Berhubung nuklir punya sumbangan suplai energi yang cukup banyak di Jerman, tiba-tiba menutup reaktor nuklir tentu ada konsekuensinya. Sementara mereka berusaha untuk menaikkan produksi listrik dari energi terbarukan, Jerman harus impor listrik dari negara tetangga. Tambahan biaya? Tentu. Namun agaknya tantangan finansial dan berusaha swasembada listrik ini menjadi motivasi yang tepat bagi Jerman untuk ngebut mengembangkan energi terbarukan. Energi yang disuplai dari energi terbarukan terus naik porsinya, baik untuk listrik, transport, atau penghangat ruangan. Di tahun 2015, sudah lebih dari 31% listrik mereka disuplai dari energi terbarukan. Â
Di Jerman tak ada PLN, ada beberapa perusahaan listrik yang juga dikelola swasta. Ketika energiewende dikumandangkan, Merkel menyerukan masyarakat untuk ikut ambil bagian. Selain bersedia membayar harga listrik sesuai harga produksi (bahkan di atasnya), salah satu kunci sukses revolusi energi ini adalah banyaknya masyarakat yang kemudian ikut berinvestasi. Banyak yang memasang panel surya dan menjual listriknya, banyak pula yang membeli saham di kebun-kebun turbin angin.
Impor listrik tadi, perlu biaya. Beli listrik dari produsen dengan harga tinggi, juga perlu biaya. Kemudian muncul lagi aspek biaya yang lain: jaringan. Jika selama ini jaringan listrik biasa menerima suplai yang konstan dari batubara, solar, atau nuklir; kini harus ada penyesuaian karena sumber energi lain masuk. Lagi, energi galau seperti tenaga surya dan angin memerlukan balancing power yang memadai untuk menjadi cadangan tenaga di saat semesta sedang tidak berbaik hati. Karena reaktor nuklir mulai ditutup satu per satu, apakah Jerman kemudian bergantung pada batubara sebagai cadangan energi? Sepertinya. Jaringan juga perlu disesuaikan supaya menjadi "pintar", sehingga investasi lain perlu disalurkan untuk membangun smartgrid. Jika ladang angin ada di utara, perlu juga membangun jaringan yang handal untuk menyalurkannya ke selatan.
Sepanjang hampir dua puluh tahun terakhir, Jerman memang menjadi negara percontohan transisi energi.

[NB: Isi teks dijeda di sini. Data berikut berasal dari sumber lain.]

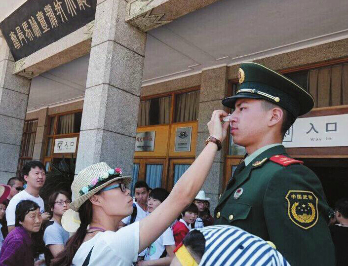 女游客為站崗武警擦汗引網(wǎng)友點(diǎn)贊
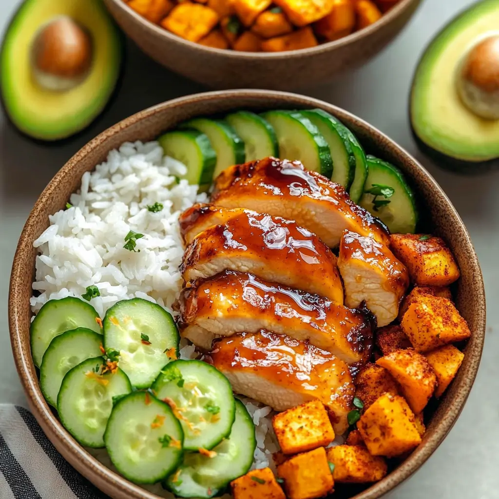 - Assemble bowls with rice or quinoa, chicken, veggies, carrots, and avocado.

Mereka berani membuat keputusan yang dramatis, berani menggelontorkan uang sebagai konsekuensi keputusan tersebut, dan berani berlomba mempercepat inovasi teknologi energi terbarukan.
Beberapa tahun terakhir, sayangnya, energiewende agak melambat. FiT kini digantikan dengan model tender, yang justru kurang berpihak pada masyarakat individu dan komunitas. Selain itu, revolusi energi ini juga belum sepenuhnya menyentuh sektor transportasi, padahal Jerman adalah rumah BMW, Mercedes, dan VW. Â
Lalu, siapkah Indonesia untuk melakukan energiewende? Dengan hal-hal positif yang telah dicapai Jerman dengan energiewende-nya, revolusi yang dibayar sangat mahal itu; kita bisa belajar. Dari kekurangannya, kita juga bisa belajar. Pengalaman adalah guru terbaik, dan pengalaman orang lain adalah guru yang gratis.